R - GCATATCTCATCATATCTGACGACAT

il1r-like

ENSGACG00000001328

F - GAACGCGAGAACTGCAAGAAC

R - GGGACGCTGGTGAAGTTGAA

acvr1l

ENSGACG00000010017

F - CACTTTAGCGGAGCTGTTGGA

R - AGAAAAGGAAGTCCGGAACCA

yipf4

ENSGACG00000002189

F - CCCTCAAACGGAGACTTTACGT

R - GGTGCCGCTGAGCTCTTC

Analyses of RNAseq data

As a small preliminary exercise to assess the relevant information content of the Broad gasAcu1 assembly for our wider study, we arbitrarily selected a panel of 31 immunological genes-of-interest whose existence would be expected to be conserved in a lower vertebrate genome and searched for these in the Ensembl stickleback database and the gasAcu1 genome assembly. From this list, 26 (84 %) were associated with predicted database genes (annotated), 3 (10 %) were detectable in the genome assembly but not annotated in the database and 2 (6 %) were absent from the database and genome assembly. In all cases fragments of the genes (confirmed by sequencing) were amplifiable by PCR using primers designed from the assembly sequence, or, in the case of the two missing genes, fragments (also confirmed by sequencing) were amplified using primers designed from conserved regions in multi-species (teleost) alignments. After filtering out low expression genes (see above), the RNAseq dataset contained 20947 predicted loci. Of these, 16575 (79 %) matched genes in the Ensembl G. aculeatus database. These data suggested that although a proportion of real genes were missing in the stickleback genome assembly, sufficient information was present to take a broad view of genome-wide expression patterns.

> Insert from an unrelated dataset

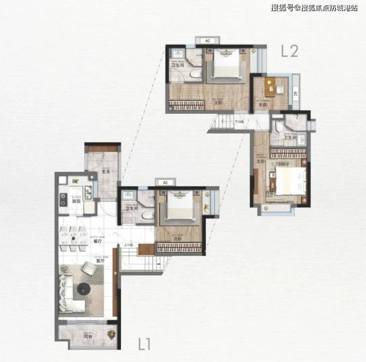 华润置地出手,自是翘楚,华润置地广州润府 推出的建面约 105~133㎡的复式产品,亮点颇多:
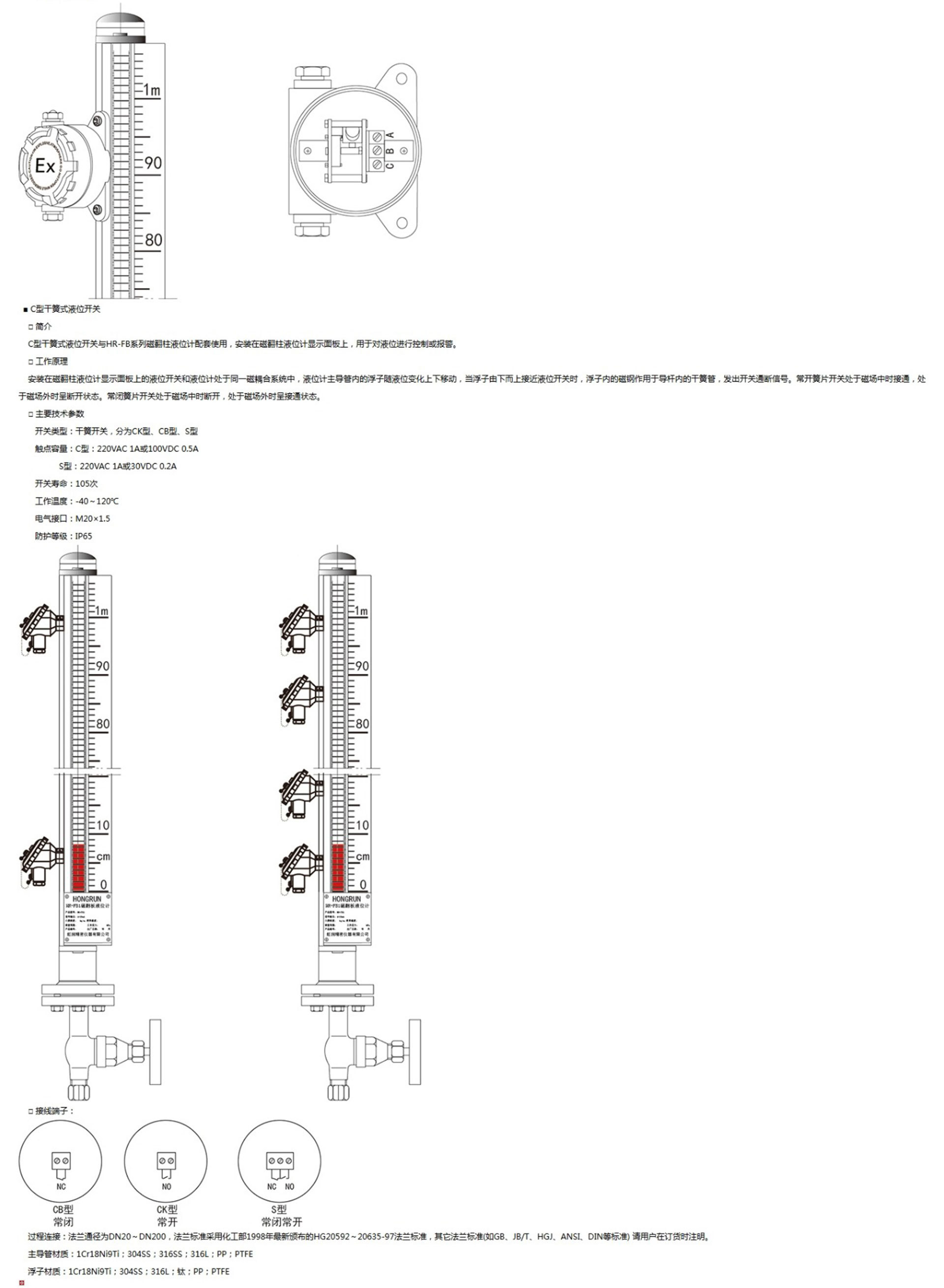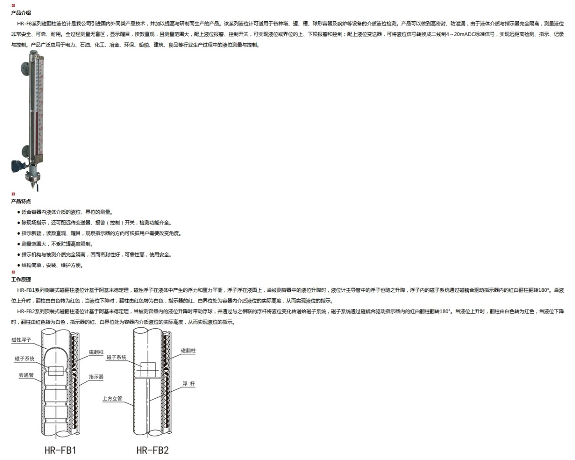 HR-FB系列磁翻柱液位計是我公司引進(jìn)國內(nèi)外同類產(chǎn)品技術(shù),并加以提高與研制而生產(chǎn)的產(chǎn)品。該系列液位計可適用于各種塔、罐、槽、球形容器及鍋爐等設(shè)備的介質(zhì)液位檢測。產(chǎn)品可以做到高密封、防泄漏,由于液體介質(zhì)與指示器完全隔離,測量液位非常安全、可靠、耐用。

Genes were classified as summer- or winter-biased if they were significantly biased in the same direction at both RHD and FRN at an individual error rate (P < 0.05) based on Cuffdiff output; this represents a combined individual P <0.0025, in practice a more stringent cut-off than a False discovery rate (FDR)-adjusted P = 0.05 threshold for a single locality. For unannotated predicted loci that were seasonally-biased we performed a series of standardized Blast (tblastx) searches that identified a small number of additional genes with high confidence.

For analyses involving comparisons to curated gene sets, we used Ensembl Biomart [58] to convert the identifiers for annotated stickleback genes to the HGNC symbol for an estimated orthologous human gene. Where there were multiple predicted human orthologues (typically related in broad function), a single estimated orthologue was randomly retained per stickleback gene. Similarly, where more than one stickleback gene shared the same predicted human orthologue, only one of these was randomly retained in the gene list. Thus only annotated stickleback genes with a corresponding predicted human orthologue and HGNC symbol were considered in these analyses.

Immune-associated genes were initially defined by homologous relationships with genes from the relatively inclusive ImmPort comprehensive list of immune-related genes [17]. Seasonally-biased genes from this list were individually, manually assessed for core immune functions (evidence of direct involvement in immune effector or regulatory activity) using links from the gene list report in DAVID 6.7 and from GeneCards v. 4.0.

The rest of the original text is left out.